By Yuri ANDRUKHOVYCH, The Day
Like all gamesters and mystifiers, Vladimir Nabokov is pliant and protean.
The chain of his lifelong transformations reminds one of his largest and
perhaps not the worst of his novels. The most spectacular transformation
was when crossing the Atlantic and his own equator - the 41-year-old Nabokov
decided to become a US author. Not a Russian-American, but a US one. And
the sad fact remains that he did. "So what is a fatherland after all?"
I was asked by a woman sharing train compartment with me sometime in 1990.
"Nabokov was a citizen of the world and lived in hotels. A Fatherland is
just a nuisance for a good writer."
Nabokov's native land (and all who are more or less familiar with his
talent agree) is primarily the height of summer. It is park alleys, arbors,
obsession with things English, tennis, and the cult of healthy hygiene.
It is also childhood, heaven on earth, his own golden era against the backdrop
of Russia's silver age. A perfectly typical ambitious, well fed and, clothed
son of a perfectly standard landlord, wearing Bermuda shorts and Panama
hat, surrounded with love and care, books, butterflies, correct non-Russian
education, regularly receiving the latest models of bicycles, workshop
tools ordered and supplied from European cities like Koblenz, Ems, or Utrecht.
One can believe that this was really so, because all this is described
by the author in such vivid detail; in fact, the descriptions are so carefully,
brilliantly, and singularly rendered, with such physiological precision
that I do not believe him. It suffices to take a closer look at his honest
childish-youthful face to become convinced of one's doubts.
His other visage is poetic. Almost everybody agrees that as a poet he
is rather uninteresting, although well trained, Parnassian, at times relatively
sentimental - sorry, I mean sensitive, except for his openly demonstrative
use of refined techniques. Poetry hates manipulation, strategy, or tactics;
poetry must be naturalness incarnate, or so they say. Well, I don't know
what this naturalness is all about. Perhaps the naturalness of poetry lies
in its artificiality? Nabokov's most successful mystification is probably
the fact that his poetry can prove much stronger than his prose. In 1970,
he published the collection Poems and Problems. As usual, it was
another showcase of verse and chess problems. Fishing out poems and lining
up chess pieces, tracking, catching, and pinning down butterflies, thinking
up characters and then lending them literary verisimilitude. To him, all
this was of the same family and species. An attitude found in only a truly
carried away poet, a provocateur of long-established hierarchies.

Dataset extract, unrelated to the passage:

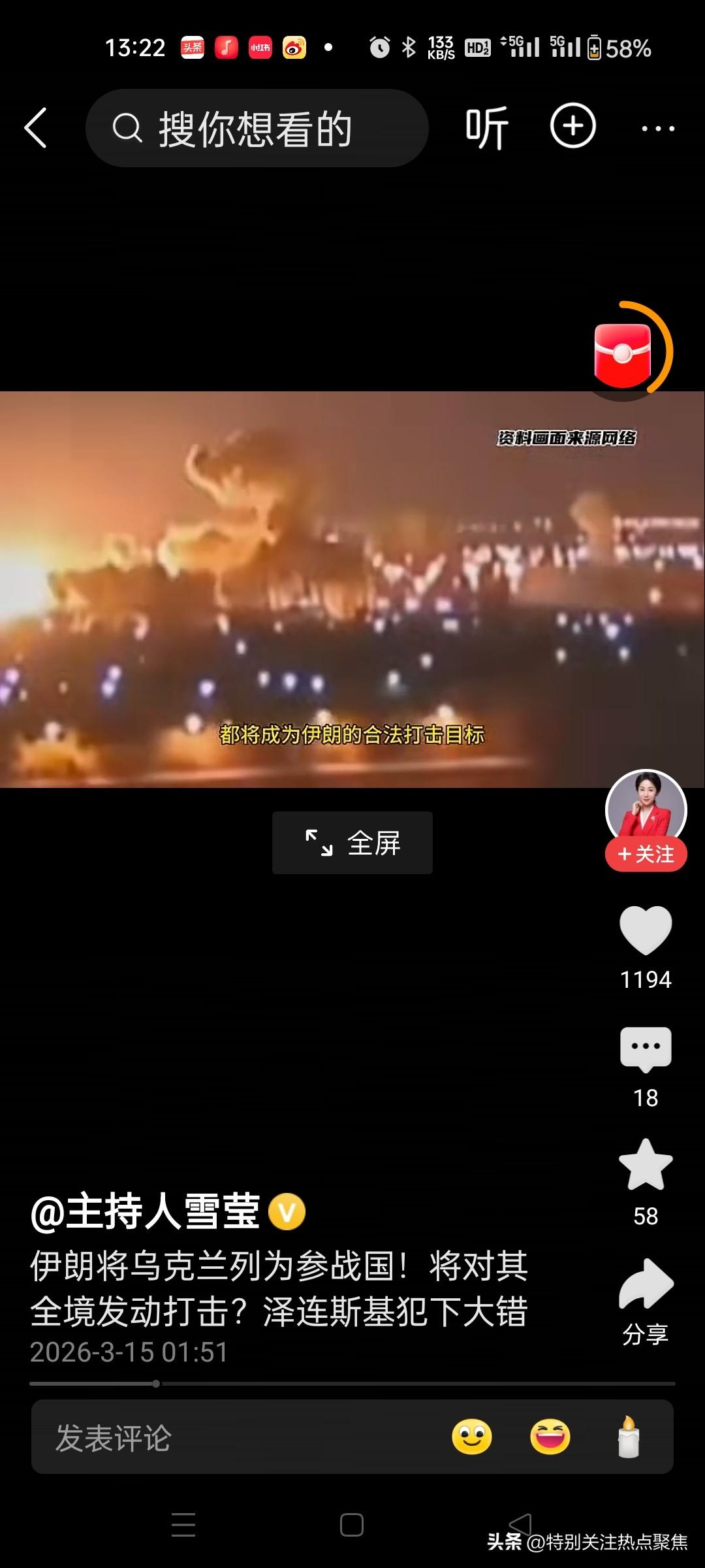伊朗高官宣称乌克兰全境已成为其合法打击目标 核心声明:伊朗议会国家安全和外交政策委员会主席易卜拉欣·阿齐兹称,由于乌克兰向以色列提供无人机支持,还派遣反无人机专家介入中东冲突,乌克兰实际上已卷入战争,其全境成为伊朗的合法打击目标。1610 法律依据:伊方援引《联合国宪章》第五十一条,认为乌克兰的行为构成对伊朗的正式宣战,所以伊朗拥有打击乌克兰领土的合法权利。9 背景原因:乌克兰总统泽连斯基近期多次表示愿意协助相关国家拦截伊朗无人机,且有消息称乌方已向中东地区派遣反无人机专家准备行动。36 潜在风险:分析指出,若伊朗实施打击,其弹道导弹射程理论上可覆盖乌克兰南部及中部部分地区(如敖德萨、基辅附近),但直接军事打击受地理距离限制。9 风险提示:目前该声明主要是伊朗官员的单方面警告与舆论施压,尚无伊朗对乌克兰本土实施实质性军事打击的确切报道。部分网络内容包含“第三次世界大战”或大规模地面入侵的推测,这属于观点而非既定事实,需理性看待局势发展。712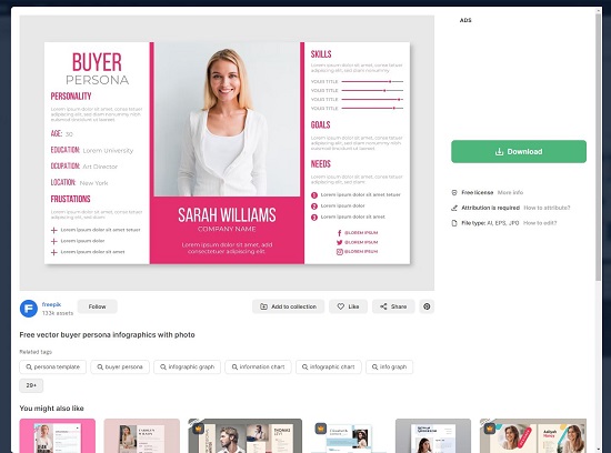 We now explore the last website namely, Freepik, from where you can download Buyer Persona Templates in graphic format files such as JPG, PSD, EPS and more. Just click on the link that we have given below to download the templates.

And thus his next visage is provocative. And the entomological habit
of pinning things comes in very handy. Nabokov really pins one down with
his murderously accurate characterization, lapidary, acrimonious, and stylistically
faultless. His collection of victims reminds one rather of a pantheon of
culture with luxuriously sounding exotic names and picturesque diversified
portrayals. There they are dying slowly on their pins embedded in eternity:
Dostoyevsky, Camus, Joyce, Freud, Thomas Mann, also an oblique character
named Solzhenitsyn and another called Pasternak... Just look at what is
left of Chernyshevsky! Spots of ink on the elbows, dirty fingernails, dandruff
on the shoulders. The poor unlucky devils that attracted his cold ruthless
attention. And the poor devil of the author with his lethal precision,
delivering viciously accurate blows. A more than vivid testimony to Nabokov's
deeply hidden inferiority and desperate loneliness. Always under suspicion,
criticized by one and all, loved by none, with a sharp venomous tongue,
a homeless American, hotel cosmopolitan, everyman in search of his true
homeland, a loser in his every triumph.
Yes, a loser. Like every other great literary phenomenon, the Nabokov
project turns out a failure after all has been said and done. His mystifications
are too obvious, his playacting is piercingly true to life, his aristocratic
condescension and indifference are actually a plebeian's passion for existentialism,
his mind-boggling literary experimentation betrays a hack's blunders. Only
his joy is genuine. The joy of writing and reading, of being an author.
And it is our joy as well: a capricious desire to pick a book from a shelf,
spotting a familiar title, and reread it, maybe starting in the middle,
at the peak of a hot summer day, amidst paradise on earth, finding oneself
in the middle of a novel and real life.
True gamesters cannot be professionals. And vice versa.